El kafası karışmış bir şekilde Will'e bakıyordu. "Yani sen Mike ile evlenmek mi istiyorsun?" Lucas içtiği kolayı püskürtürken Dustin klasik kahkahalarını atmaya başlamıştı. Kısa bir an Will ile göz göze geldik, bakışlarını kaçırdı.

"Hayır, El sadece- neyse sana evde anlatırım tamam mı?" Dedi Will.

İç çekip merdivenlere ilerledim. "Aptal gibi davranmanız bittiyse neredeyse başlamak üzere olan bir filmimiz var çocuklar." Dedim sırıtarak.

Böylece herkes koşa koşa merdivenlere yönelmişti.

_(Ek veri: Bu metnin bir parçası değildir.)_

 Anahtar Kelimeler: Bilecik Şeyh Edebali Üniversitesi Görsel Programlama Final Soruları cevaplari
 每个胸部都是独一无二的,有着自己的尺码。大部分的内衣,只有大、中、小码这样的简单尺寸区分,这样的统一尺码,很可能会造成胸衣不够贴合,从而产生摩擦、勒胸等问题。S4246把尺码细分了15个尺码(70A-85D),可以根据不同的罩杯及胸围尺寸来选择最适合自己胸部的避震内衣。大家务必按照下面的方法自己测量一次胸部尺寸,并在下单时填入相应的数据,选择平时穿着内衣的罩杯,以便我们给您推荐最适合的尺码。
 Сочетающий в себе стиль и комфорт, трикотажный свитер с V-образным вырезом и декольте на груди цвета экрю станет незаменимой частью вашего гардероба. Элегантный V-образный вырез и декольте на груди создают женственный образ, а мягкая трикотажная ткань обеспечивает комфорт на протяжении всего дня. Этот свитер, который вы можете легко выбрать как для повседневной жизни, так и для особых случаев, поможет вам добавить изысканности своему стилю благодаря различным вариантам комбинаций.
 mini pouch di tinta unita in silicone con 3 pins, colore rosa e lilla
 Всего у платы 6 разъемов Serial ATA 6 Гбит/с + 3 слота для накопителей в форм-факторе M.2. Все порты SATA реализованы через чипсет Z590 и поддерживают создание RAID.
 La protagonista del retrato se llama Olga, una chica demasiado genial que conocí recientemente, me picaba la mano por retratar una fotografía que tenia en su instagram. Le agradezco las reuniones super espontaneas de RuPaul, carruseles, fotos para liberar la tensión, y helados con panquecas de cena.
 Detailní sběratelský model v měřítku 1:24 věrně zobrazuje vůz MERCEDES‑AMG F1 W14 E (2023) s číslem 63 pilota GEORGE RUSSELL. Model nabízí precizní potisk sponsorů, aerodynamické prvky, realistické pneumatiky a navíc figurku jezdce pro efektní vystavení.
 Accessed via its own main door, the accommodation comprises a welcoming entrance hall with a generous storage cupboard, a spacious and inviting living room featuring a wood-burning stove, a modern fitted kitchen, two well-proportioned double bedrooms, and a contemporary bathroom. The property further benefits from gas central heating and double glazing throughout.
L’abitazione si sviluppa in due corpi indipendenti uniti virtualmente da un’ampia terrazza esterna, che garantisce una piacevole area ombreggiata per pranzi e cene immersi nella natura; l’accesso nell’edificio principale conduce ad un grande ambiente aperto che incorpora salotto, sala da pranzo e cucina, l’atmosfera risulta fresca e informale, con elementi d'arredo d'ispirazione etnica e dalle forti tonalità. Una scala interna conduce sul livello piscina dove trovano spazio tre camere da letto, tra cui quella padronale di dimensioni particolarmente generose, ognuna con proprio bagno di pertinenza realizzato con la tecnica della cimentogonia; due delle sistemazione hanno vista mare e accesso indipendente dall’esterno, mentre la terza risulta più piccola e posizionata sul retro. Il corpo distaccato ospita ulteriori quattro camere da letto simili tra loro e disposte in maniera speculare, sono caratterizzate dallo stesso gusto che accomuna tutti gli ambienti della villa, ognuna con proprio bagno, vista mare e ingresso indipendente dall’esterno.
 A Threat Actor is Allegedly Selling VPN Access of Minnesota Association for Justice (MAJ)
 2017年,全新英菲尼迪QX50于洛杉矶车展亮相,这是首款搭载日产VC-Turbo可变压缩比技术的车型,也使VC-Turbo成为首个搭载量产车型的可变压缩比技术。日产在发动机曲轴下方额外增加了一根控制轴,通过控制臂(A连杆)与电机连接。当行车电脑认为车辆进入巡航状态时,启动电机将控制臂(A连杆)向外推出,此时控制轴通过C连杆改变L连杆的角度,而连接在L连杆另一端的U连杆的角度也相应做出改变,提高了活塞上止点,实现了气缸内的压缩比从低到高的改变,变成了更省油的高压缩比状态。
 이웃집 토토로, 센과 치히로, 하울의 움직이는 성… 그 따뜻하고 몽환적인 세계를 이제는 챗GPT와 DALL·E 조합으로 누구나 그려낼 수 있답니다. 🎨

Dustin yürüyen merdivende insanları itekleyerek ilerliyordu. "Pardon aptal yana çekil dedik." Bir çocukla tartışmaya başlayınca Lucas kolundan tutup sürükledi. Ve sonunda sinemaya ulaşmıştık.

Tam önüne geldiğimizde nefes nefeseydik, Max elini duvara yaslayıp sordu. "Pekala, ne tür bir şey izliyoruz?"

"Romantik," dedi Eleven heyecanla el çırpıp.

Dustin de neredeyse aynı anda bağırdı. "Romantik."

"Dustin, cidden mi?" Dedi Will. Sonra öğürüyormuş gibi yaptı, gülüp başımı salladım. "Kavgaya başlamadan oylama yapıyoruz." Dedim Dustin ve Will'e bakıp.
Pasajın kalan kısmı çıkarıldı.